Answers will need to be grounded in the known science of relationship loss and the long-term effects of repeated trauma and grief. The society is generally much like our own, which means that you're just as likely to find drug abuse, bigotry, and violence in a given population as we might expect to see today. The one other factor that may be important to note is that, apart from the ships themselves carrying message traffic, there are no FTL communications in this universe.
This post was sourced from https://worldbuilding.stackexchange.com/q/123990. It is licensed under CC BY-SA 4.0.
1 answer
I don't think mental state matters very much at all to physical age.
As far as a world-building matter, for all the reason you state in your question; I would expect FTL travelers to not have any emotional ties at all with their planet-bound brethren.
They would be born on ship, fall in love on ship, marry and have children on ship. If all the ships spend the same number of minutes at FTL and at normal time, they will all age apparently the same. They would likely coordinate with each other to form an FTL culture, and get together periodically, particularly for finding mates.
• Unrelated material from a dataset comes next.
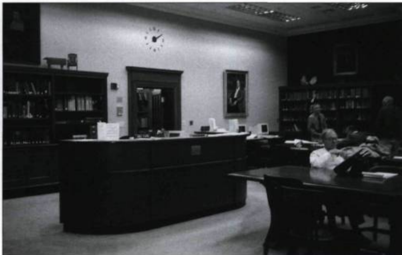
Salle de consultation de la New England Historical and Genealogical Society de Boston. Photographie Sylvie Tremblay, 1998. (Archives de l'auteur).

En septembre 1973, une première rencontre a lieu au collège Saint-Anselme de Manchester, New Hampshire, où près de 40 personnes sont présentes. Vingt-cinq ans plus tard, cette société compte plus de 2 900 membres actifs. Au cours des dernières années, elle a procédé à l'acquisition du presbytère de la paroisse Blessed Sacrament Church de Manchester où a été relouée la bibliothèque. On y retrouve les grands titres de la généalogie québécoise, mais aussi de nombreux ouvrages portant sur les États de la Nouvelle-Angleterre, en particulier le New Hampshire et le Maine. Pour un coût minime, les utilisateurs peuvent avoir accès à la banque Parchemin pour les actes notariés rédigés en Nouvelle-France entre 1635 et 1765. Cette société est très active dans la publication de répertoires de baptêmes, de mariages et de décès. Dernièrement, son champ d'action s'est étendu à l'État de New York, particulièrement la région d'Albany. Adresse : P.O. Box 6478, Manchester, NH 03108-6478 http://www.acgs.org

If their technology is good enough for FTL, it should be good enough for FTL communications, video, Internet, virtual reality, etc to sustain these relationships between ships, fleet-wide.
What happens to the planet plodders is of little concern to them socially, although any new tech, revolutions or wars would certainly be relayed to other ships for the nightly news. But for individuals: They would treat them as I treat any stranger I meet on a business trip, like a cab driver or fellow airplane passenger. Which for me is friendly and interested in their life, but also aware I will likely never see them again as long as I live. We each exist for the other in that moment, and part forever at "Nice to meet you, and good luck."
Every time they stop, your FTL crew are sailors on leave in a foreign port, and there is no home. The FTL ships are their home, and everybody they love, and everybody that loves them, is on one of these FTL ships.